10 000 contre la casse de Duralex

lundi 27 novembre 2006 par Thomas Le mahieu
Emploi . Non loin d’Orléans, des milliers de personnes se sont pressées, dimanche, à la journée « portes ouvertes » de la verrerie. Un parrainage populaire pour les 240 emplois menacés.

Des dizaines de poussettes sous l’escalier de service qui conduit à l’atelier de réparation des moules, puis plus loin au four et aux lignes de production de vaisselle. Un retour trente ans en arrière, quand la verrerie de La Chapelle-Saint-Mesmin, non loin d’Orléans, comptait 1 450 ouvriers au turbin ? Non : un indice d’avenir, de solidarité, et tout un symbole. Ce n’était qu’un pari au début, ça sera une réussite sur toute la ligne à l’arrivée : hier, malgré les rais d’un soleil automnal, plus de 10 000 personnes se sont pressées à la journée « portes ouvertes » chez le célèbre fabricant de vaisselle Duralex. La CGT, à l’initiative de l’opération, avait, il faut le dire, mis le paquet : des dizaines de milliers de tracts distribués dans les villes et les entreprises du département, et des milliers d’affiches placardées sur les murs. Et la population a donc répondu massivement, bien au-delà des espérances.

droit d’alerte bafoué

Dès le matin, une sage foule en file indienne attend avec impatience de pouvoir prendre d’assaut la verrerie, et surtout de caler sous son aile protectrice les 240 salariés aujourd’hui menacés par les agissements d’un patron voyou.

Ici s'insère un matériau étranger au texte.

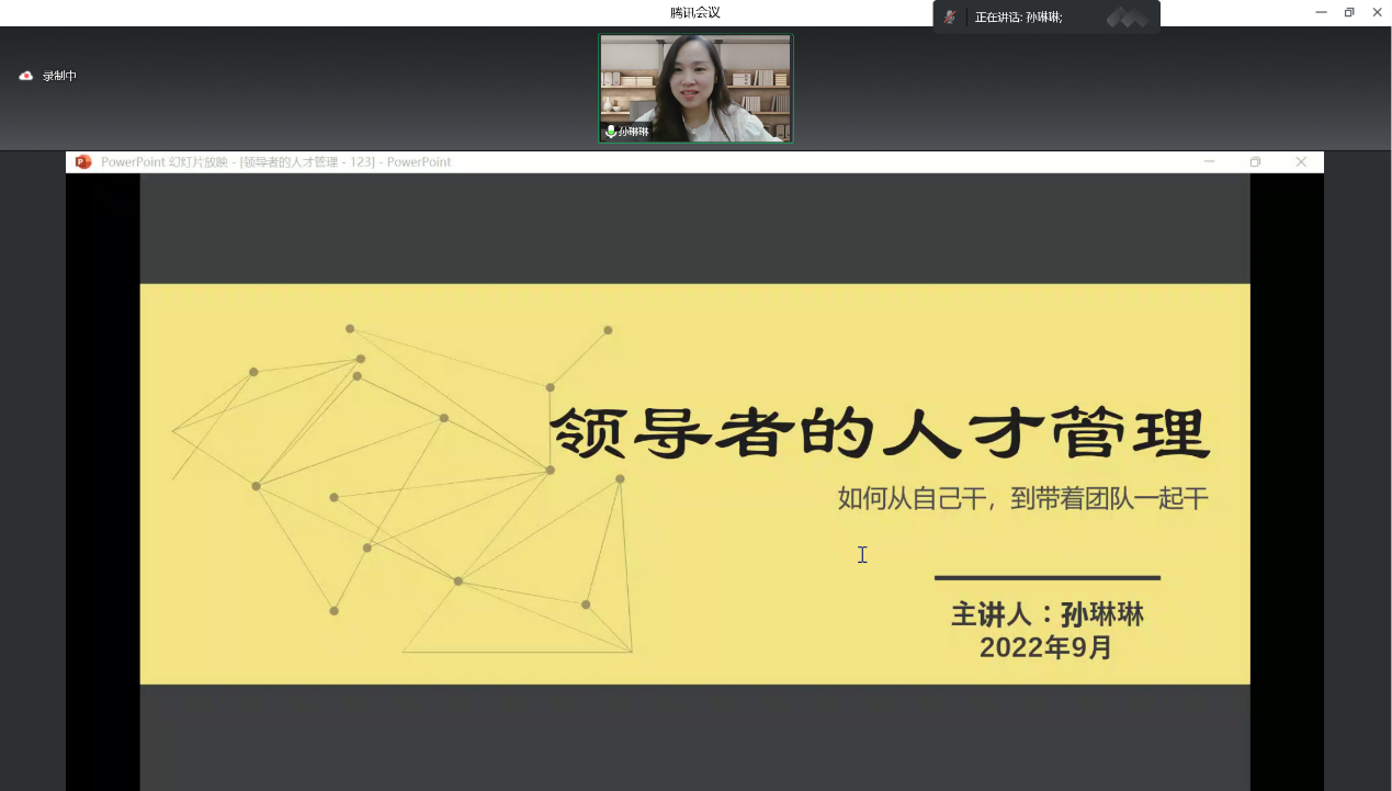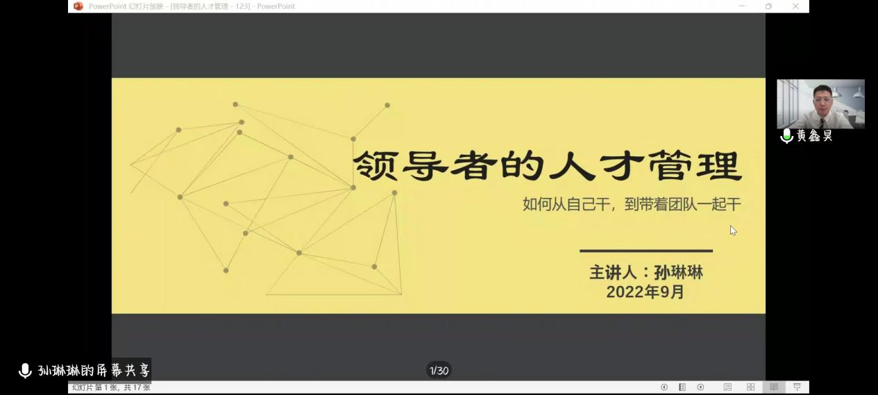 学院网讯(通讯员 王静)凝聚校友力量、传承经管文化、学习榜样精神、助力学子成才,2022年9月14日18:30,校友论坛2022年第9期在腾讯会议端举行,402永利集团2002级校友孙琳琳作了题为“领导者的管理人才——如何从自己干,到带着团队一起干”的报告。学院部分教师、本科以及研究生同学参加了论坛。论坛由副院长黄鑫昊主持。

Reprises en novem-bre 2005 par l’homme d’affaires turc Sinan Solmaz, dans le cadre d’un plan de continuation après un premier dépôt de bilan, les deux verreries de Duralex (ex-Saint-Gobain et ex-Bormioli) en France, à Rive-de-Gier (Loire) et à La Chapelle-Saint-Mesmin, vivent des heures difficiles. En fait, au moment du rachat de la fameuse marque et des deux sites de production pour la très modique somme de 37 500 euros, avec une centaine de licenciements à Rive-de-Gier à la clé, l’actionnaire, avec deux partenaires qui ont disparu dans la nature, s’engage à « augmenter les volumes de production » et à « maintenir les emplois pendant trois ans ». Mais, dès le début de cette année, les syndicats s’inquiètent de voir ces deux promesses absolument pas tenues. « Par des courriers au tribunal de commerce et à la préfecture, on a tiré les sonnettes d’alarme en février, raconte Pascal Colichet, secrétaire de la CGT chez Duralex. Mais on ne nous a pas répondu. On a déclenché un droit d’alerte en mars, en constatant des problèmes pour payer les fournisseurs. En juillet, on a fait grève pendant huit jours pour réclamer notamment une mise sous surveillance de l’entreprise avec intervention de la brigade financière : mais là aussi ça a été refusé par le tribunal de commerce... Aujourd’hui, la direction refuse de nous communiquer les documents demandés dans le cadre du droit d’alerte, et de verser l’acompte pour payer le cabinet d’expertise du comité d’entreprise. C’est complètement illégal, mais les pouvoirs publics donnent le sentiment de laisser pourrir la situation. Nous sommes allés au ministère de l’Industrie, il y a quinze jours, faire un topo sur l’entreprise, mais nous n’avons pas été recontactés depuis. »

Duralex sed lex

Alors que les salariés de la verrerie étalent, via le syndicat, les preuves de malversations caractérisées et multiples - dernier exemple en date : les cotisations salariales et patronales ne sont plus versées aux organismes de protection sociale depuis plusieurs mois -, les pouvoirs publics font toujours la sourde oreille. « Nous savons, reprend Pascal Colichet, que Sinan Solmaz, notre actionnaire unique, qui est un distributeur de vaisselles et qui ne possède pas d’autres verreries que celles de Duralex, nous achète des tonnes de produits à un tarif défiant toute concurrence : 50 % en dessous du prix du marché. C’est énorme, c’est un pur et simple détournement de production. Nous exigeons maintenant que la préfecture et le tribunal de commerce fassent respecter la législation française. » Depuis dimanche, les ouvriers de la verrerie de La Chapelle-Saint-Mesmin ne crient plus dans le désert, ou alors c’est un désert peuplé, au bas mot de 10 000 concitoyens solidaires. Tous veulent que la loi soit dure pour les patrons voyous... parce qu’elle est la loi.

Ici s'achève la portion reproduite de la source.